Kommt es so zu einer vorhersehbar knappen Mehrheit, wäre es das erste Mal im Bundestag, dass die AfD den Ausschlag gibt.
Drei Anträge sind es inzwischen, über die die Union noch in dieser Woche abstimmen lassen will: einen Entschließungsantrag für einen „Fünf-Punkte-Plan“, einen zur Inneren Sicherheit und einen Gesetzesantrag zur „Zustrombegrenzung“.
Der „Fünf-Punkte-Plan“ verlangt unter anderem „dauerhafte Grenzkontrollen“ zu den Nachbarstaaten sowie die „Zurückweisung ausnahmslos aller Versuche illegaler Einreise“. Dies soll auch für Asylsuchende gelten. Das „Zustrombegrenzungsgesetz“ sieht das Ende des Familiennachzugs bei subsidiär Schutzberechtigten vor, die kein Asyl erhalten, aber aus anderen Gründen vorerst in Deutschland bleiben dürfen.
Die AfD will dem Gesetzesantrag zur „Zustrombegrenzung“ sowie dem „Fünf-Punkte-Plan“ zustimmen, obwohl Letzterer Passagen enthält, die die AfD explizit kritisiert. Dort heißt es unter anderem: „Die AfD nutzt Probleme, Sorgen und Ängste, die durch die massenhafte illegale Migration entstanden sind, um Fremdenfeindlichkeit zu schüren und Verschwörungstheorien in Umlauf zu bringen.“
AfD-Chef Tino Chrupalla sagte dazu kurz vor der Fraktionssitzung, die Partei sei „Schmerzen“ und „Beschimpfungen“ gewohnt. In der AfD folge man der Regel: „Erst das Land, dann die Partei, dann die Person.“
Den Unions-Antrag zur Inneren Sicherheit will die AfD, wenn möglich, in einzelnen Punkten abstimmen lassen. Darin wird zum Beispiel die Forderung nach einer Vorratsdatenspeicherung und stärkerer Überwachung erhoben – Inhalte, die die AfD ablehnt.

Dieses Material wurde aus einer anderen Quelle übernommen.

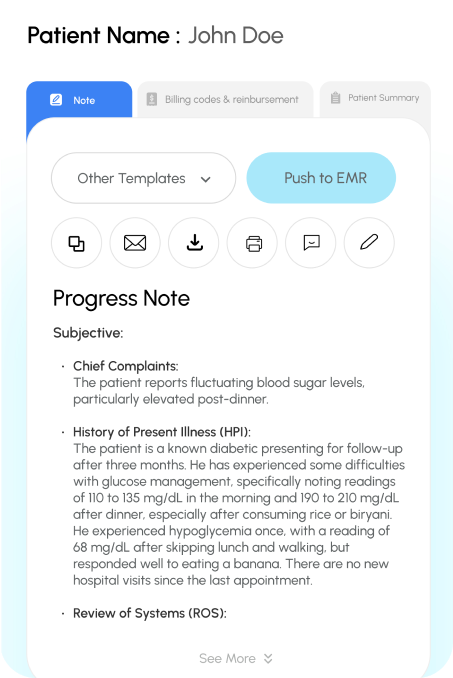 Automatically generates Billing codes (CPT, ICD-10, HCPC) from the patient encounter, helps with Medical coding precision and boost revenue.

Die Anträge zur Inneren Sicherheit und Merz‘ „Fünf-Punkte-Plan“ haben eher appellativen Charakter. Auch in der AfD werden sie von manchem als „Theater“ kritisiert. Relevanter ist der Gesetzesantrag zur „Zustrombegrenzung“.

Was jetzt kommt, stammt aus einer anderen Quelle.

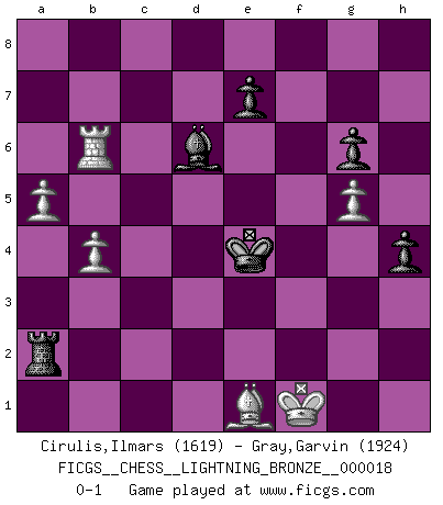 Last move : 0-1 2007 August 30 17:48:17 [Event "FICGS__CHESS__LIGHTNING_BRONZE__000018"] [Site "FICGS"] [Date "2007.08.30"] [Round "1"] [White "Cirulis,Ilmars"] [Black "Gray,Garvin"] [Result "0-1"] [WhiteElo "1619"] [BlackElo "1924"] 1.e4 c5 2.Nf3 d6 3.d4 cxd4 4.Nxd4 Nf6 5.Nc3 g6 6.Be3 Bg7 7.f3 O-O 8.Qd2 Nc6 9.O-O-O d5 10.exd5 Nxd5 11.Nxc6 bxc6 12.Nxd5 cxd5 13.Qxd5 Qc7 14.Qc5 Qb7 15.b3 Bf5 16.Qa5 Qc6 17.Bc4 Qf6 18.c3 Qxc3+ 19.Qxc3 Bxc3 20.g4 Be6 21.Bxe6 fxe6 22.Rd3 Be5 23.Bh6 Rfc8+ 24.Kb1 Kf7 25.h4 Rd8 26.Rxd8 Rxd8 27.Kc2 Bf6 28.Be3 h5 29.g5 Be5 30.f4 Bd6 31.Rd1 Rc8+ 32.Kd3 e5 33.fxe5 Bxe5 34.Bxa7 Rd8+ 35.Ke2 Ra8 36.Rd7 Ke6 37.Rb7 Bg3 38.a4 Bxh4 39.Be3 Bg3 40.Kf3 Bd6 41.Rb5 Rf8+ 42.Kg2 Rc8 43.a5 Rc2+ 44.Kg1 Ra2 45.Bf2 Kd7 46.Kf1 Kc6 47.Rb6+ Kd5 48.b4 Ke4 49.Be1 h4 0-1 Sicilian : Dragon, Yugoslav attack, 7...O-O Kingside Castling by player Black (move 7) Queenside Castling by player White (move 9) Player Black won this chess game. Follow this game move after move (download)Many Chess players were surprised when after the game, Fischer quietly explained: 'I had already analyzed this possibility' in a position which I thought was not possible to foresee from the opening. (Mikhail Tal) Rubinstein ist ein Turmendspiel, welches die Götter vor tausenden von Jahren begannen. (Savielly Grigorievitsch Tartakower) Sin errores no puede haber brillantez. (Emanuel Lasker) Le joueur d'Echecs qui veut atteindre le top est obligé de développer son propre credo créatif. Alexeï Stepanovicth Souétine. Il est facile d'écrire des livres ! Ce qui est difficile, c'est de jouer ! (Alexeï Stepanovicth Souétine) A government big enough to give you everything you want is strong enough to take everything you have. (Thomas Jefferson)

Er wurde von der Union bereits im September in den Bundestag eingebracht, im zuständigen Innenausschuss behandelt und könnte nun am Freitag abschließend im Plenum beraten werden. Er würde nicht nur den Familiennachzug für subsidiär Schutzberechtigte beenden, sondern auch der Bundespolizei mehr Rechte zubilligen.
Im Anschluss an den Bundestag müsste auch der Bundesrat noch zustimmen. Hier droht Merz offenbar Gegenwind aus der eigenen Partei: Daniel Günther, CDU-Regierungschef von Schleswig-Holstein, soll laut Berichten in einer Sitzung der CDU angekündigt haben, im Bundesrat nicht für das Gesetz stimmen zu wollen, sollte es mit Stimmen der AfD beschlossen werden.